Als Lotte erwachte, fand sie sich im Inneren der Kirche wieder und saß, wie Dietlinde ihr vorausgesagt hatte, auf dem Boden der Kanzel. Einen Augenblick zögerte sie, dann blickte sie prüfend nach oben, streckte ihren linken Arm aus und merkte, dass sie mit der Hand den oberen Rand berühren konnte. Also hatte sie ihre normale Körpergröße schon zurück. „Dann auf zu den anderen“, murmelte sie und rappelte sich hoch. Die Kassiererin im Kassenhäuschen bemerkte Lotte nicht, als sie wieder den Burghof betrat. Während sie auf den Batterieturm zuging, verließen ihre Klasse, Dr. Teichmann und der Führer gerade die Kronenburg, das Hauptgebäude der Burganlage.

Doro und Tom gingen nebeneinander. Lotte traute ihren Augen nicht, die beiden schienen sich bestens zu verstehen, ihre Freundin lächelte sogar, jedenfalls glaubte Lotte ihre Zahnklammer in der Sonne blitzen zu sehen.

Während sie auf die anderen zuging, dachte sie über eine Entschuldigung für ihren Klassenlehrer nach.

„Ich war auf der Toilette.“

Nein, zu blöd.

„Mir war schlecht, ich musste mich ausruhen.“

Schon besser, aber auch nicht überzeugend.
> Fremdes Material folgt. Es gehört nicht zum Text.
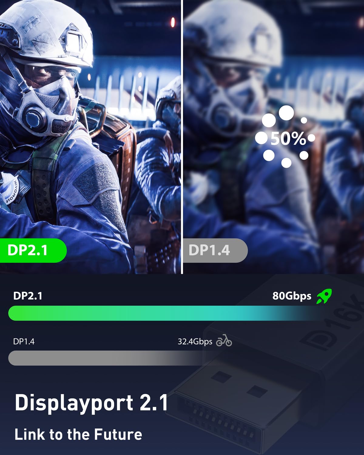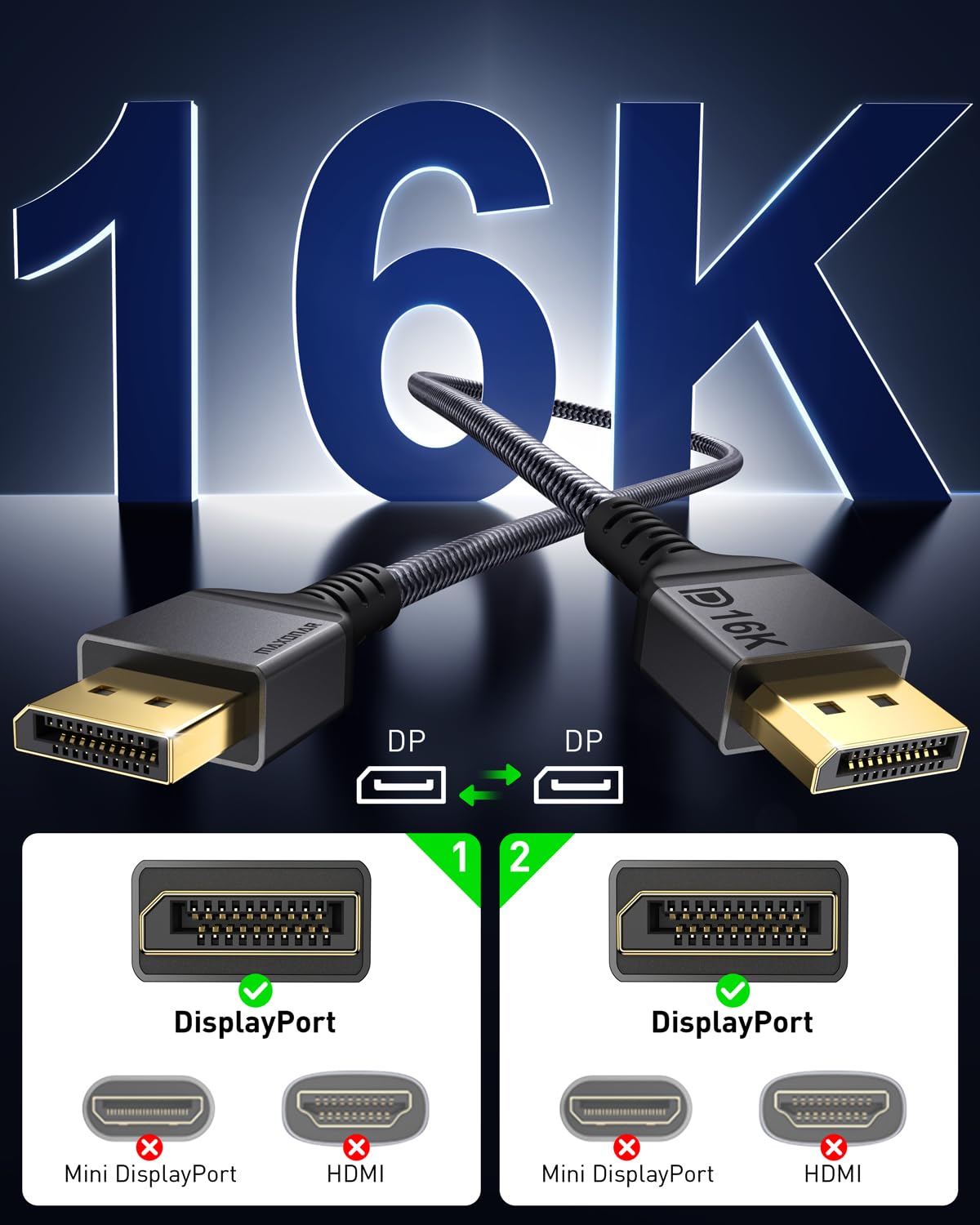 [Надійний захист від перешкод]: наш кабель DisplayPort 2.1 виготовлений із лудженої міді товщиною 28AWG з тришаровим екрануванням для стабільної передачі відео- та аудіосигналів. Якісна нейлонова плетена оболонка з терміном служби понад 30 000 вигинів забезпечує надміцний кабель DisplayPort-DisplayPort. Позолочені роз’єми 24К не тьмяніють і не знижують провідність з часом.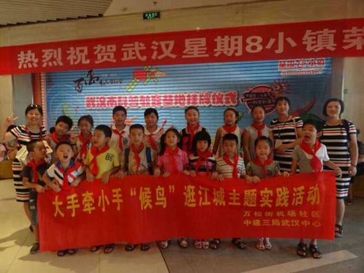 8月22日在区计生委、区科协、万松街计生科的指导和协调下,万松街机场社区组织武汉中央商务区“武汉中心”项目部的农民工孩子,游玩了位于沿江一号的“星期8小镇”。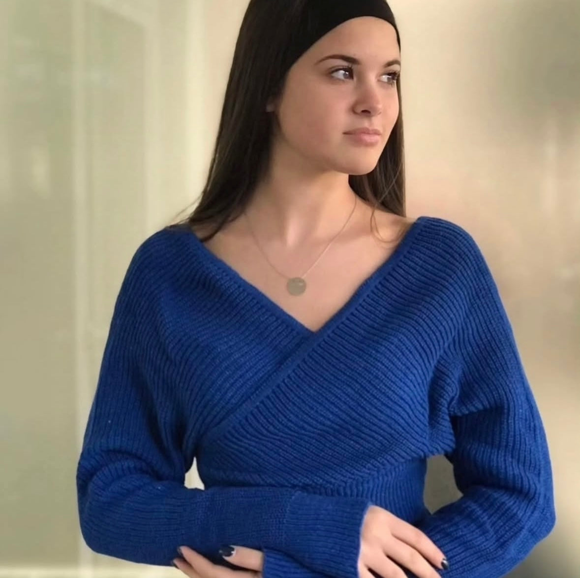 Mekan i udoban džemper sa elegantnim preklop dizajnom koji ističe liniju i daje ženstven, profinjen izgled.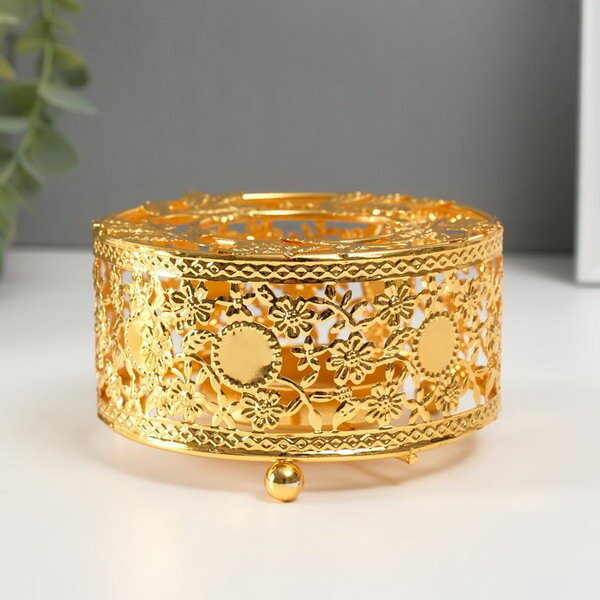 10 цен на Металлический подсвечник на 1 свечу "Круг. Венок из листьев", золото, d=5.5 см, 11x11x5.6 см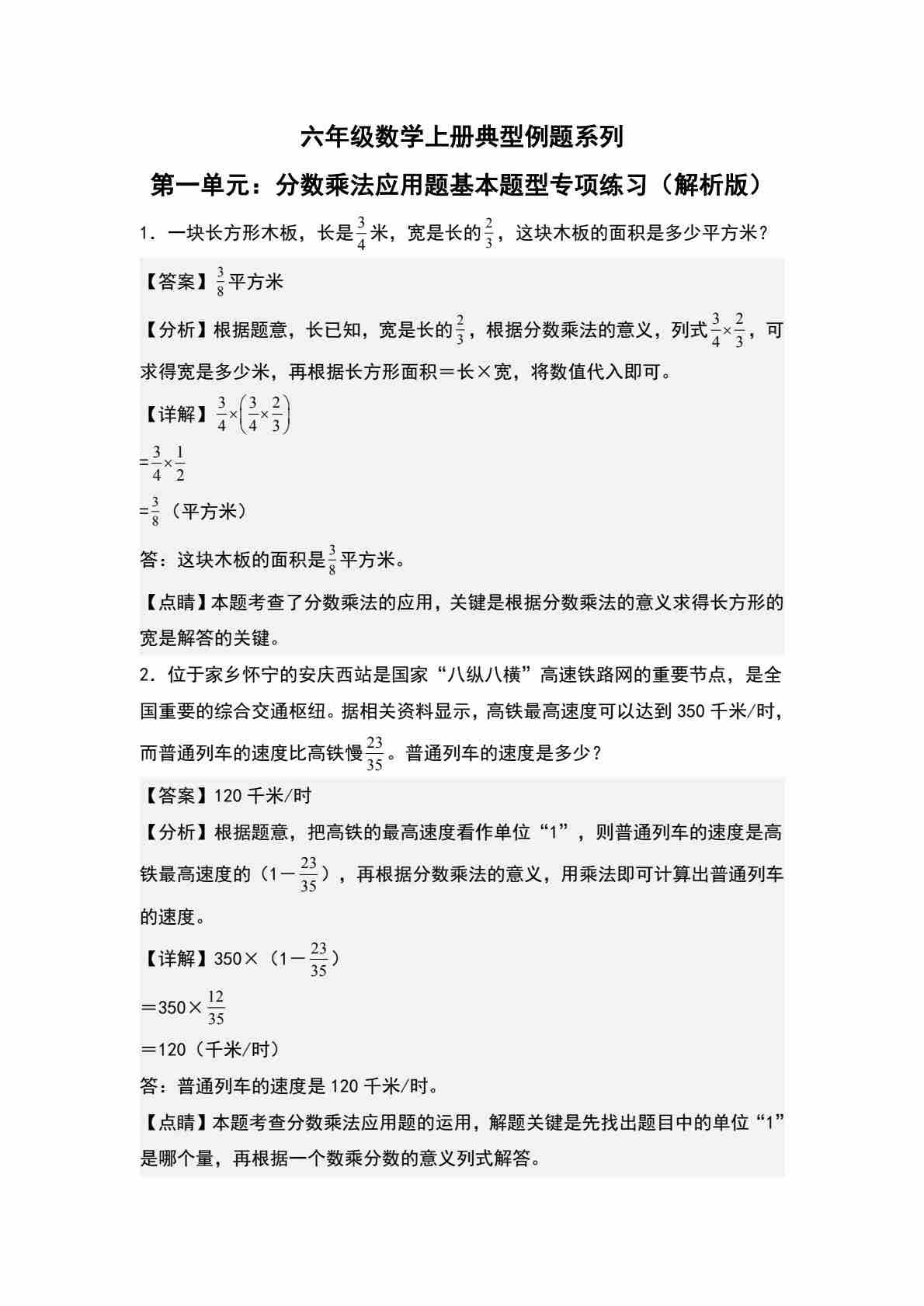 六上人教版数学【第一单元:分数乘法应用题基本题型专项练习-典型例题系列(解析版)】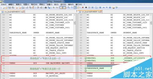 6、这时,整个Notepad++的布局发生了变化,形成了一种左右对比的布局,并且有些行还有不同的背景颜色和小图标,这些都代表着两个文本内容的不同之处,黄色"!"叹号表示有部分内容不同,绿色“+”号表示多出来的行,红色”-“表示少出来的行,如图所示: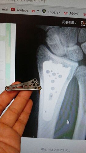 本日、右手首の金具(プレート)を抜く手術をしました。専門用語で抜去(ばっきょ)というようです。流れは、埋め込むときと同じ。 ①左手に点滴。(前回は2度、今回は1度失敗)(涙) ②鎖骨より伝達麻酔。(今回は前回ほど効かず、局部麻酔をしながらの施術…
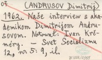 [ANDRUSOV Dimitrij] 1962 Naąe interview s akademikom Dimitrijom Andrusovom. Notował: Ivan Krčméry.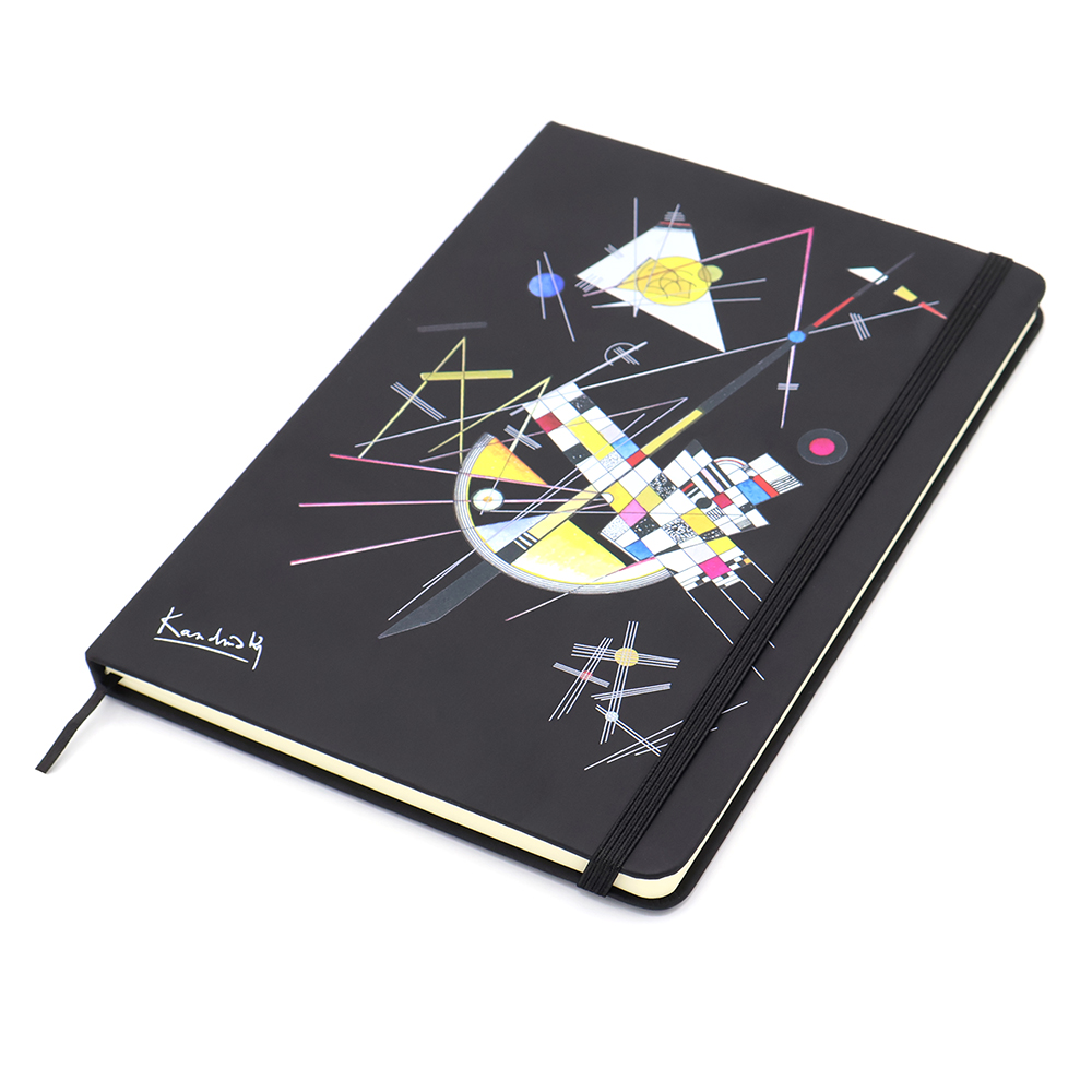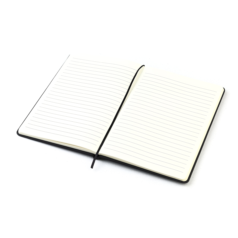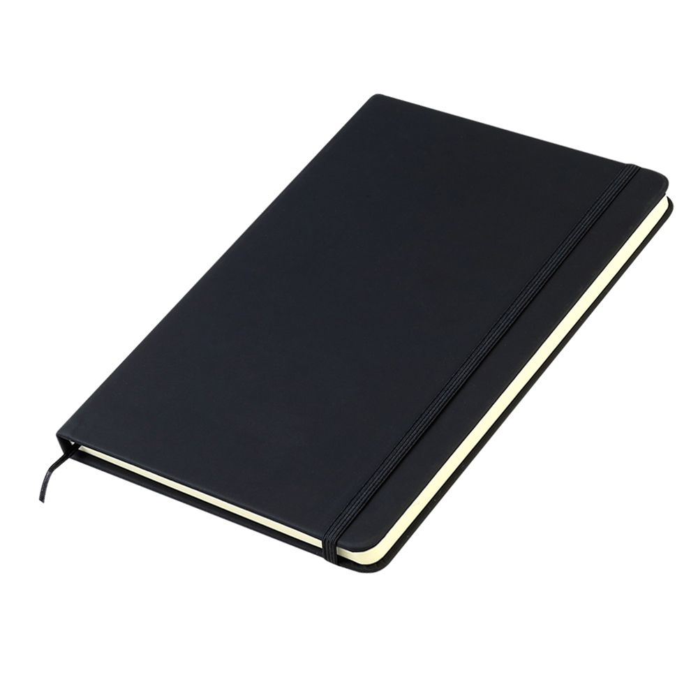 - Блокнот формата А5 с твердым покрытием из PU-материала с имитацией рисунка кожи, с эластичной застежкой для закрытия и текстильной закладкой в цвет блокнота, 192 страницы, плотность 70г/м, страницы с черными линиями.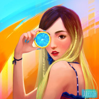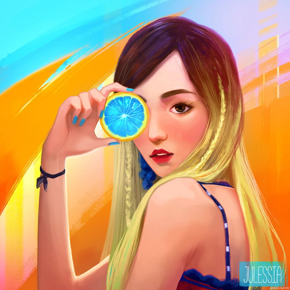 drawing of a girl who appears to be taking a selfie using a slice of lemon. She has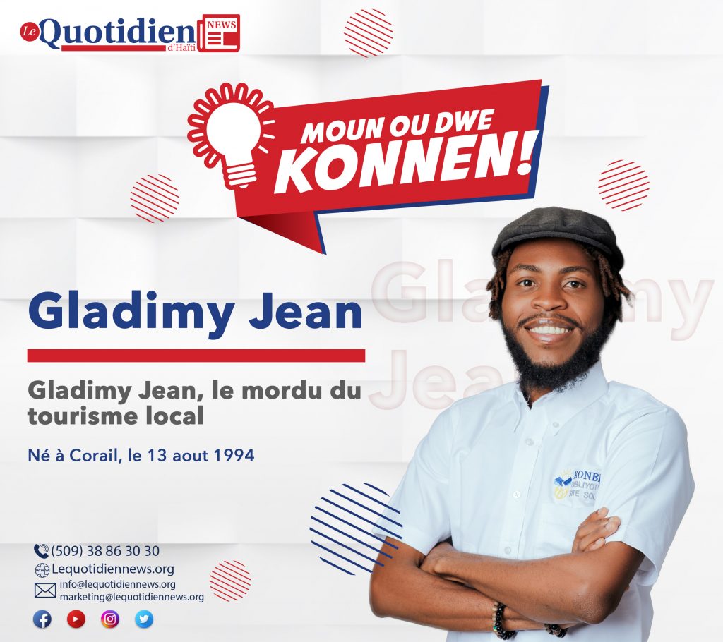 Gladimy Jean, un jeune leader et entrepreneur social, dirige une entreprise qui promeut les valeurs touristiques du pays. Avec Le Paradis haïtien, il rêve de faire du pays la principale destination touristique de la Caraïbe. C’est dans cette perspective qu’il organise des tournées dans le pays afin de permettre aux gens, nationaux et étrangers, de découvrir les plus belles facettes du pays.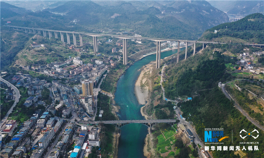 航拍贵州五桥横跨乌江 形似“五龙过江”-新华网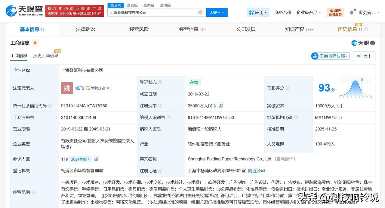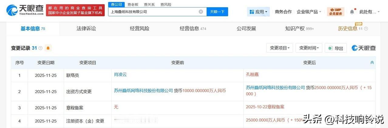 【上海叠纸科技公司增资至2.5亿 增幅150%】 天眼查工商信息显示,近日,上海叠纸科技有限公司发生工商变更,注册资本由1亿人民币增至2.5亿人民币,增幅150%。值得一提的是,今年10月,姚润昊卸任该公司法定代表人、执行董事,由姚飞接任法定代表人并担任董事。 该公司成立于2019年3月,经营范围含软件开发、广告制作、服装服饰零售、针纺织品销售、珠宝首饰零售、鞋帽零售、日用品销售、广播电视节目制作经营、网络文化经营等。股东信息显示,该公司由苏州叠纸网络科技股份有限公司全资持股。 天眼查信息:

„Kleiner Doktor, Sie gehen mir so auf den Geist, ich war mal eben im Mittelalter.“

Das würde wieder Stress mit Teichmann bedeuten. Also entschied sie sich für Möglichkeit zwei. Lotte rechnete damit, streng zur Rede gestellt zu werden. Ihr Herz klopfte wie heute Morgen, als sie vor der Klassentür stand.

„Herr Dr. Teichmann, ich …“

Er beachtete sie überhaupt nicht, kein Anzeichen von Überraschung, Ärger oder Enttäuschung. Oder wollte er sie bewusst übersehen?

„War gar nicht schlecht, die Burgführung“, meinte Doro, als sei Lotte gar nicht weg gewesen. Plötzlich fiel es ihr wieder ein, der Zeitzauber. Und dass sogar Doro nichts bemerken würde, hatte Dietlinde auch vorausgesagt.

Lotte seufzte erleichtert. „Hast recht, aber ich schätze, du meinst bestimmt nicht nur die Besichtigung“, antwortete sie.

„Vielleicht.“ Doro grinste.

„So, Kinder, nun bin ich mit meiner Führung am Ende, ich hoffe, sie hat euch gefallen.“ Mit einem Seitenblick auf Dr. Teichmann fügte Franz Somberg hinzu: „Gutes Gelingen bei der Hausaufgabe, die Broschüre bekommt ihr gleich an der Kasse.“

Nach einer kühlen Verabschiedung von dem Burgführer steuerte Dr. Teichmann dem Ausgang entgegen, langsam gefolgt von seiner Klasse.